* _SOURCE MATERIAL_
---

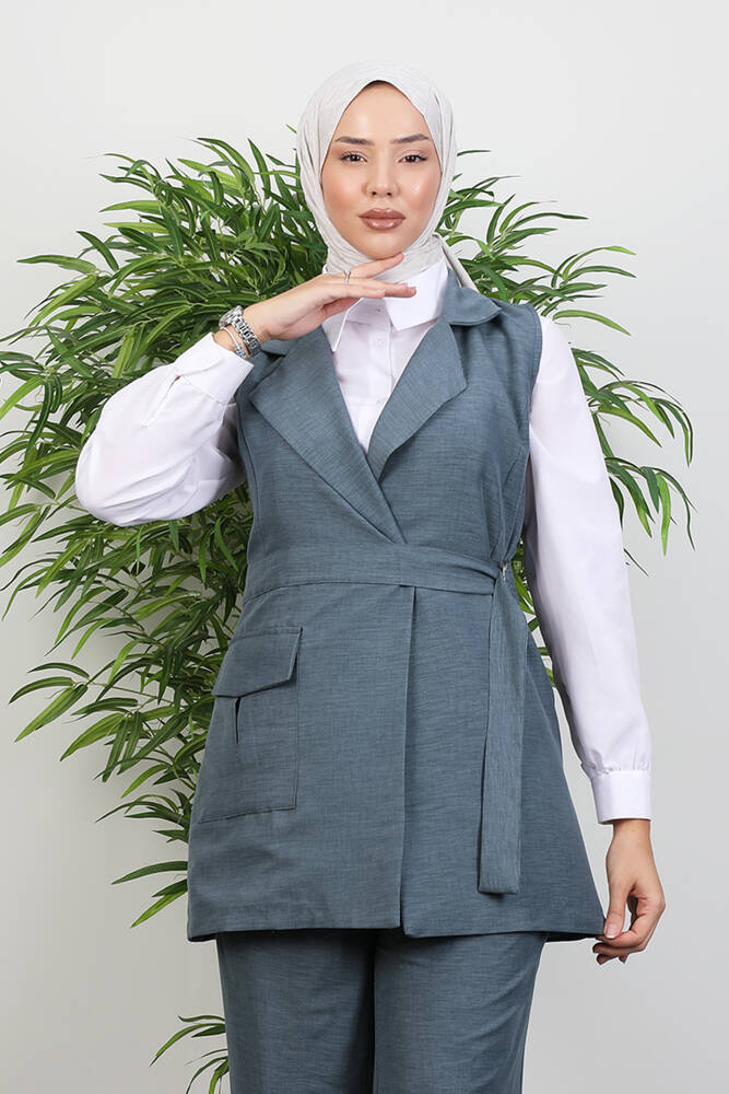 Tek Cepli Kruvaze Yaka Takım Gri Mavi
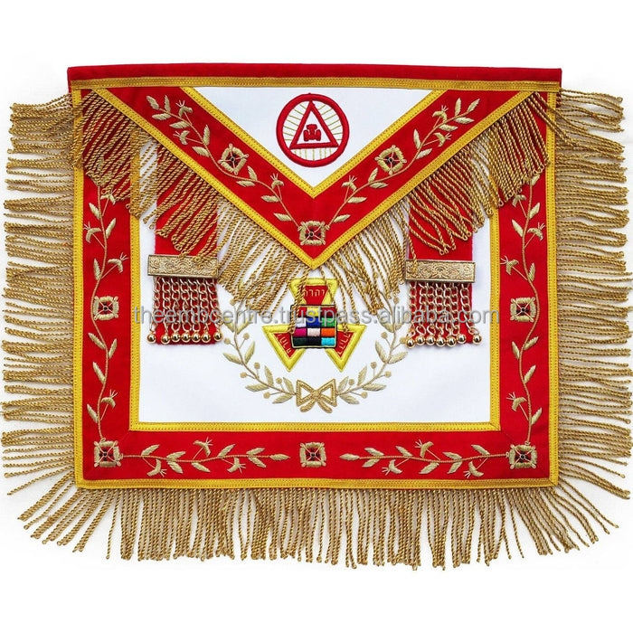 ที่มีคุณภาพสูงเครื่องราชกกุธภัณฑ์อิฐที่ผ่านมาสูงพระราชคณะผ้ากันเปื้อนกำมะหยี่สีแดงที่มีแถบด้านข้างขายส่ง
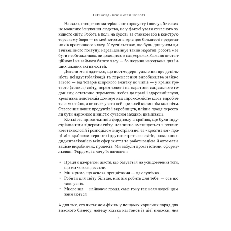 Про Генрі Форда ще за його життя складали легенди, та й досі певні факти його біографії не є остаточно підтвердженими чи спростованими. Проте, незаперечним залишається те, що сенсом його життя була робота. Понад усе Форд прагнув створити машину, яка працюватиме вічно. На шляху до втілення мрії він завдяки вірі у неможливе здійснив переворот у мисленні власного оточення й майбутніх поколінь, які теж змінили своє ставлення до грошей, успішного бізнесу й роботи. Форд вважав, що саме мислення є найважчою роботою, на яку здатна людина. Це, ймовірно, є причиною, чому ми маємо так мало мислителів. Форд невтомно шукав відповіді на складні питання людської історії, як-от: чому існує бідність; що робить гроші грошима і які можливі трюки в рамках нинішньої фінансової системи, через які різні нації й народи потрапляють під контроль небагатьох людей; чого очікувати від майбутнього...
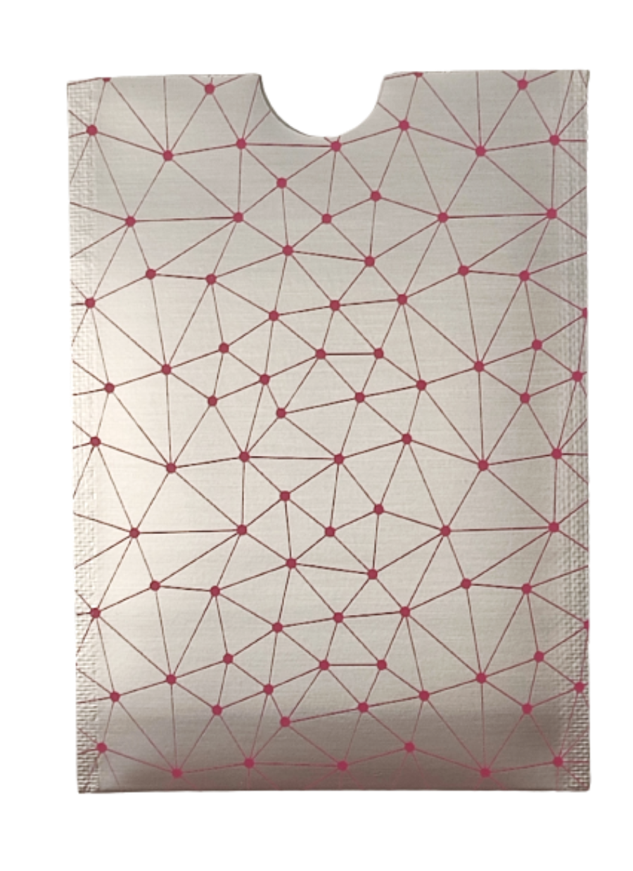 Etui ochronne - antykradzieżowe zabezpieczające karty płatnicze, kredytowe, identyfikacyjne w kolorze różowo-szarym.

---

* _TASK BRIEF_
Skip the pictures and restate exactly the lines from the beginning of the listing to the line with "ที่มีคุณภาพสูง", that line included.

* _OUTPUT OF THE TASK_
 Tek Cepli Kruvaze Yaka Takım Gri Mavi
 ที่มีคุณภาพสูงเครื่องราชกกุธภัณฑ์อิฐที่ผ่านมาสูงพระราชคณะผ้ากันเปื้อนกำมะหยี่สีแดงที่มีแถบด้านข้างขายส่ง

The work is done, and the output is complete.